DJH: It's a, and, and a couple of your judges are actually on the appeals chamber.
DJH: How, how does that, that work? And I don’t mean just the, the connection between your judges, the judges here and appeal chamber. The appeal chamber is what it, what it is – it, it handles appeals from decisions made by the court here or the Yugoslav court, I presume.
DJH: What’s the mixture of judges? Is it not just judges from here that decide about the cases from here?
No. Basically, it’s up to the presiding judge of the appeals chamber, who’s the President of ICTY, to move the judges around as he wishes and he, he can assign any number of judges from the ICTY, or rather five, to our appeals chamber and then they mix and match with our two, but our two sit on ICTY cases as well so it’s, it's totally flexible.
One of the more bizarre situations is that the appeals chamber judges come down here for our plenary sessions, which amend our rules and pass our rules.
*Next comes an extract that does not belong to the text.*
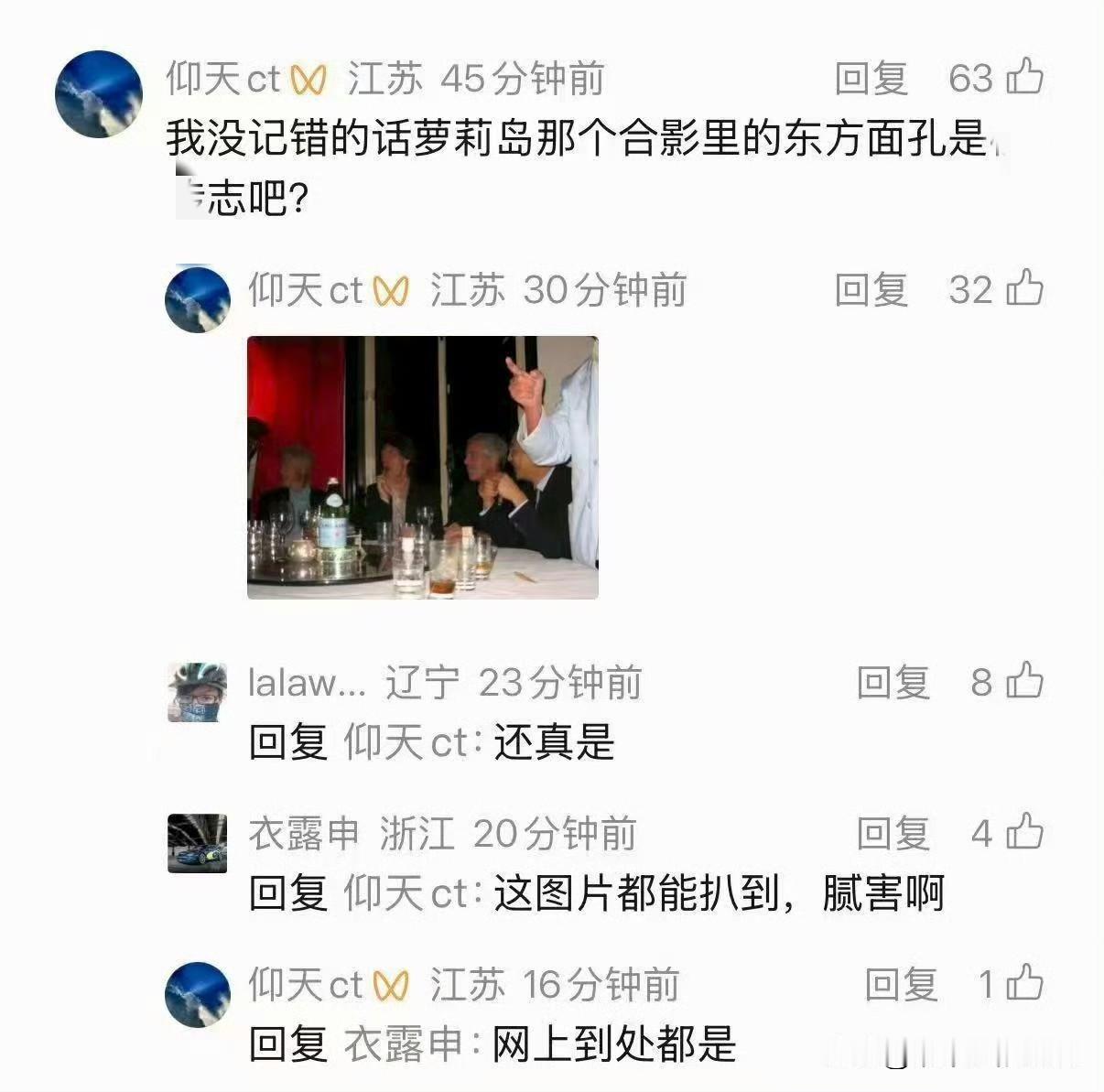 我去!又是猛料?有完没完啊?[捂脸] 图片显示和爱泼斯坦坐在一起的聊天的长得像一个亚洲人?要说揭秘(图三),那就揭秘的更悬乎了?真不敢相信!其实,这图片也不像是p的,就是老早的图片嘛。 这个爱泼斯坦大坏人,搞金融的人,到底全世界当年认识了多少富豪?有权贵的人。爱泼斯坦性侵案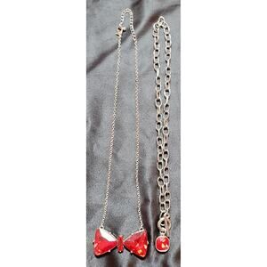 Red Rhinestone Necklace Earrings Lot Bowtie Silver Chain Toggle Clasp Glam Y2K

And therefore we’ve got an interesting situation where the appeals chamber judges who are actually going to be passing upon the lawfulness or not of the provisions of our rules are the people who also participated in the passing of those rules.
One, let me just give an interesting example. When we effected the substitution rule for judges, it was fairly novel at the time for us. I don't know, I mean, there aren’t many jurisdictions which allow you to substitute judges in the middle of a trial, who have not participated or listened to the evidence but who have to familiarize themselves with the transcript and records and watch any of the video that they wish to do so.
And then certify they are familiar with the proceedings and then jump in and replace the previous judge. Unusual situation and one that could have been addressed in an appeal but since our appeals judges took part in the passing of the rule that allowed it, of course, to some extent the position of the appeals chamber as a, a long stop, as a protection of the rule is removed. So you can see that there’s a certain amount of structural exoticism in the way we do things here.